What’s The Role Of Men And Boys In The Gender Equality Movement?

Gender Equality Panel

Each year the Skoll Centre invites a small number of Oxford students to the annual Skoll World Forum on Social Entrepreneurship. Each year they share their unique perspectives of the sessions and events that unfold during this magical time in Oxford.

As a global health nurse with over a decade of experience in gender based violence I will admit a healthy bit of skepticism when I was invited to document a session at the Skoll World Forum on the role of men and boys in gender equality.  Why would we waste precious resources and energy on men that could be spent on marginalized women and girls? What is the role of men and boys in preventing the violence they themselves have created?

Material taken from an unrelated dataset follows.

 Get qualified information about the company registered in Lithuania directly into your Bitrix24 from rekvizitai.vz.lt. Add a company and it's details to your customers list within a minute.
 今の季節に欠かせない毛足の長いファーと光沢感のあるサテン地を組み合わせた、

My skepticism was greeted in an open and frank dialogue at the Skoll World Forum, a global community of social entrepreneurs and changemakers from over 65 countries, gathered in Oxford for four days to accelerate a future that is fair, inclusive, and sustainable.

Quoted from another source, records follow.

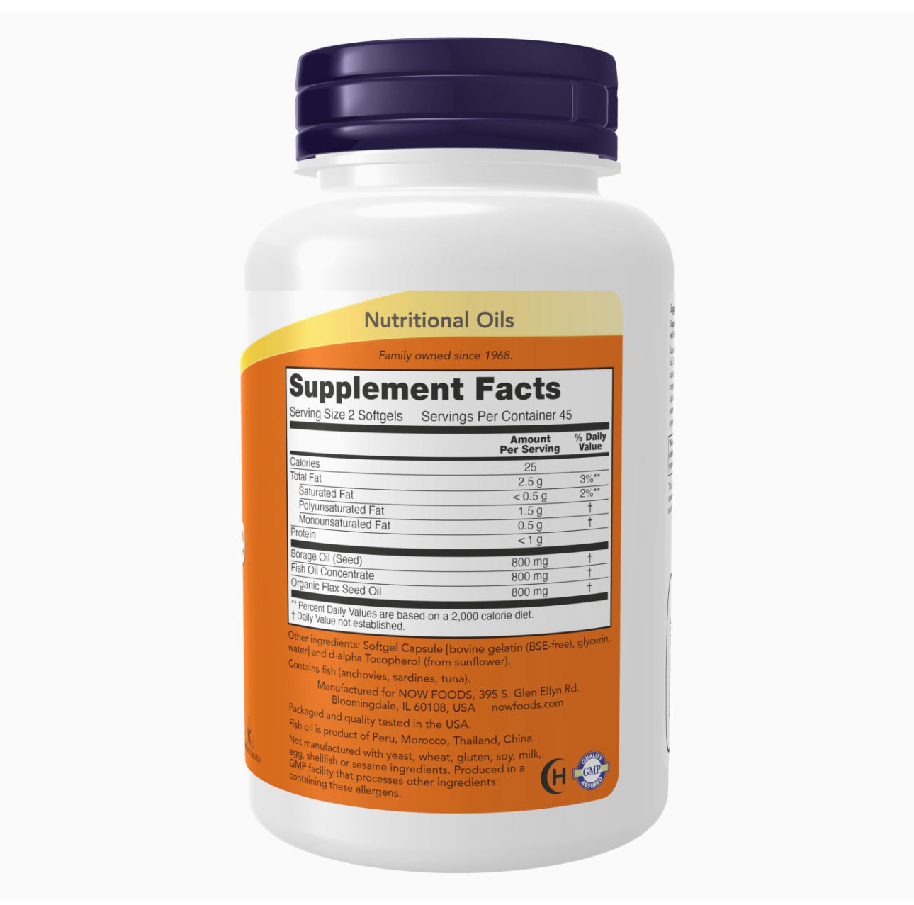 NOW Super Omega 3-6-9 Fish Oil 1200mg | with Borage and Flax Seed Oils | Supports Cardiovascular Health | For Maintenance of Healthy Skin, Normal Immune System Balance & Proper Nervous System Function | 90 Softgels; Exp 05/2027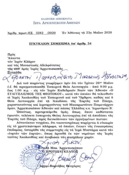 Κατά την εσπέρα της Τρίτης 26ης Μαϊου, η Ιερά Αρχιεπισκοπή Αθηνών καλεί τις Ενορίες σε τέλεση ιερών πανηγυρικών, αναστάσιμων Αγρυπνιών και Εσπερινών Θείων Λειτουργιών για την Απόδοση του Πάσχα, ώστε, ο ευσεβής λαός που στερήθηκε τη χαρά της Αναστάσεως, να νιώσει και φέτος ότι τελικώς δεν στερήθηκε τα νάματα της κορυφαίας Εορτής των Εορτών της Ορθοδοξίας μας.
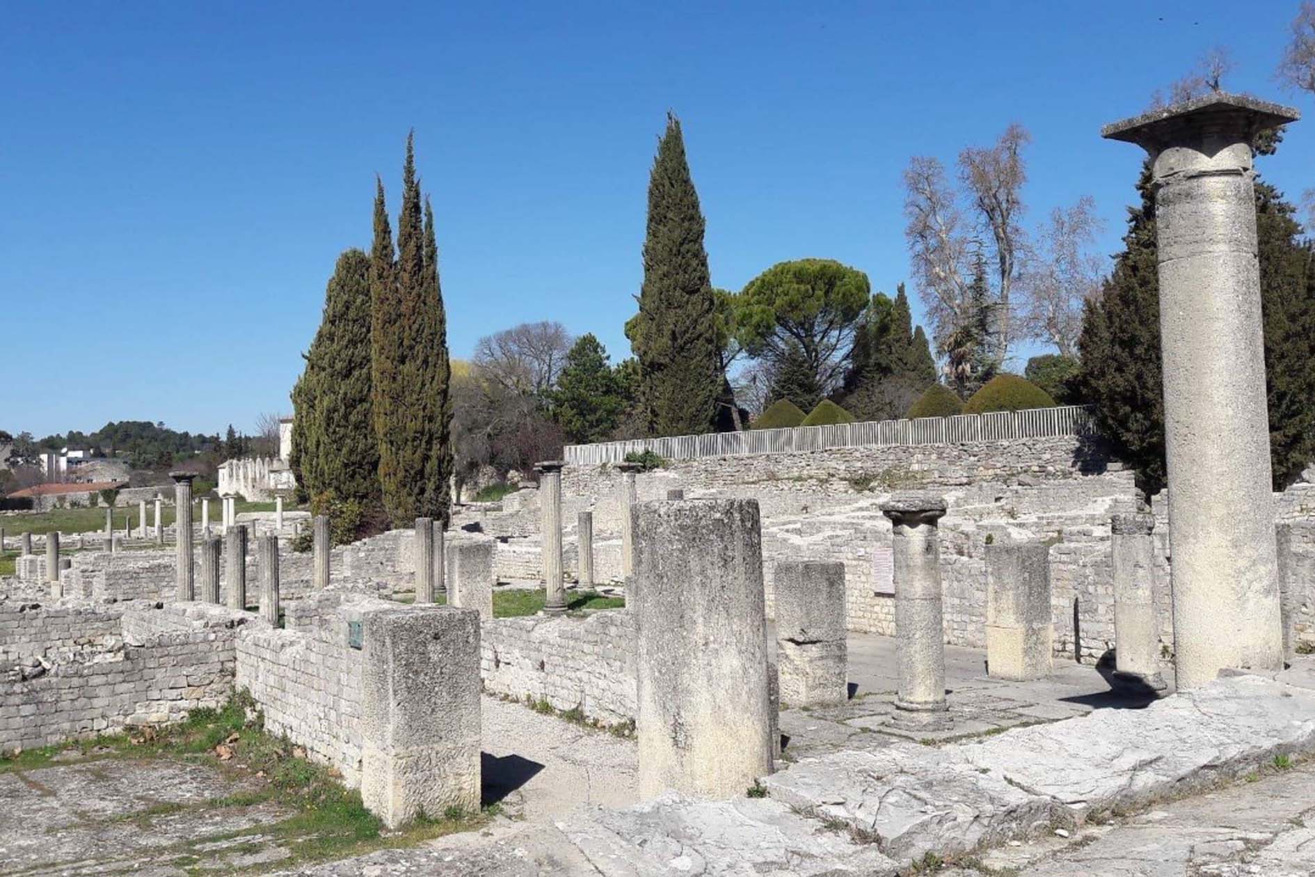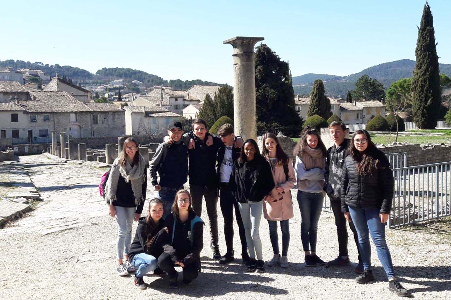 Nous nous sommes rendus le matin, sous un ciel bleu une fois de plus, à Vaison-la-Romaine où nous avons eu l’opportunité de découvrir les vestiges d’anciennes « Domus ».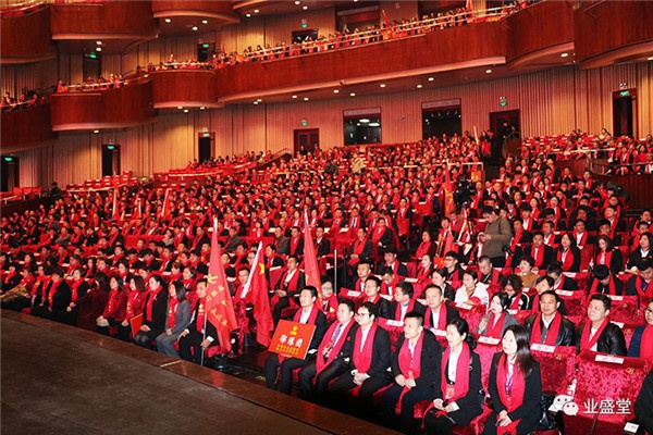 年會(huì)正式開(kāi)始,全體起立,升國(guó)旗、司旗,奏《國(guó)歌》、《業(yè)盛堂之歌》,如此盛世,必然感恩國(guó)家的支持。我們是業(yè)盛堂人,我們更是中國(guó)人。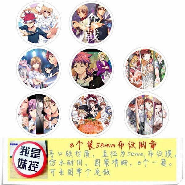 食戟之灵-1 动漫马口铁徽章胸章圆形布纹胸针 8款一套 58MM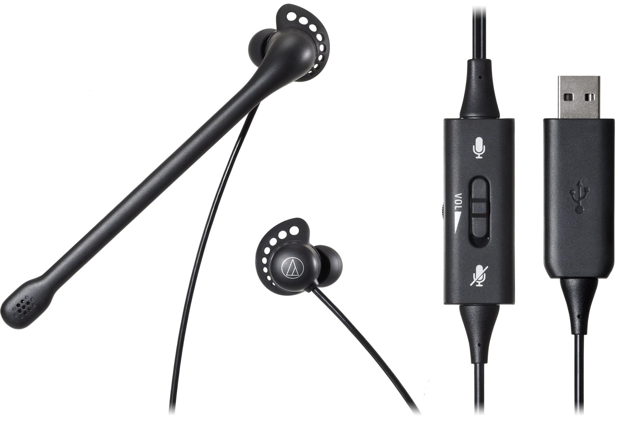 Are you over wearing a headset while at work? The new ATH-202USB combines a comfortable inner-ear design with a high-quality noise-cancelling microphone. delivering clear. articulate audio in an unobtrusive design.Â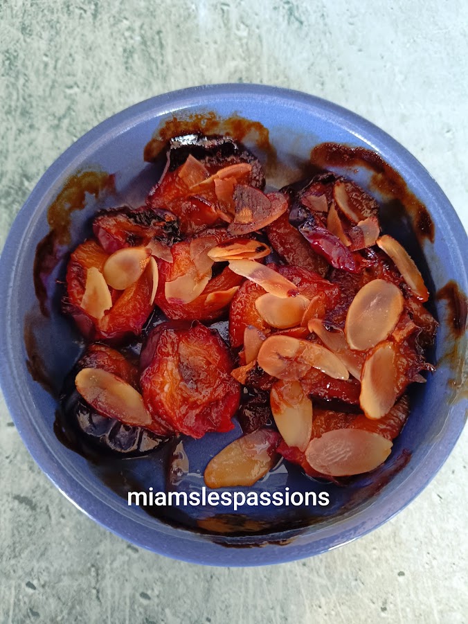 Dans des ramequins allant dans la friteuse mettre des moitiés de prunes , parsemé d’amande effilée puis verser du miel de fleurs dessus. Programmer l’appareil Air Fryer180°/10 minutes.

Katya Iverson, a personal ‘shero’ of mine, and the CEO of Women Deliver opened the dialogue tackling this tension head-on and provocatively asking the panel to share their personal motivations for involving men in gender equity.  The panel was a powerhouse of gender advocates from Sri Lanka, the USA, Denmark, and Zimbabwe who shared their innovative solutions for tackling gender inequality.  The following key take-aways really resonated with me and I hope they might be useful in your own work:

  1. Elizabeth Nyamayaro, UN Special Advisor, reminds us that revolutions are never built on consensus. To achieve gender equality we need measurable commitments from male leaders like the IMPACT 10x10x10 campaign, comprised of 10 Heads of State, 10 global CEOs and 10 University Presidents.
  2. When you invest in gender equality everyone wins.  Challenging existing gender norms and inequalities means confronting the attitudes, behaviors, and power structures that uphold them and improving the sexual health and reproductive rights of women AND men.
  3. Globally we hide behind the phrase “violence against women” but Gary Barker of Promundo reminded us it is actually “male violence against women.”  Men need to confront their power and privilege and the root causes of toxic masculinity in order for us to make meaningful societal change.
  4.  Dakshitha Wickremarathne, founder of the Youth Advocacy Network Sri Lanka, encouraged men to come forward as feminists and take personal action. Elizabeth further echoed “Don’t underestimate the power of one. If you think you’re too small to make a difference, try spending the night with a mosquito.”
  5. Judith Bruce from the Population Council reminded us that investments in women and girls go further in communities, arguing that not to invest in them is “planned poverty”. She implored the audience to “disrupt planned poverty and replace it with planned parenthood.” and offered tools and a community of practice for our work.
Elizabeth Nyamayaro speaking to a delegate

Ultimately, I left the panel inspired as a mother of two young boys that there is a role for them in this movement and challenged to broaden my own advocacy efforts to better involve everyone in preventing gender-based violence.

About the Author

Meaghan Thumath

Meaghan Thumath is a global health nurse and policy maker. She is a Trudeau Scholar at the University of Oxford’s Centre for Evidence Based Intervention (CEBI) researching the impact of drug policy and child welfare systems on maternal mortality. For over a decade Meaghan has provided technical assistance to international organisations such as UNDP, UNAIDS and the Global Fund to End AIDS, TB and Malaria supporting improved access to healthcare for marginalised populations in Central Asia, Eastern Europe and West and Central Africa.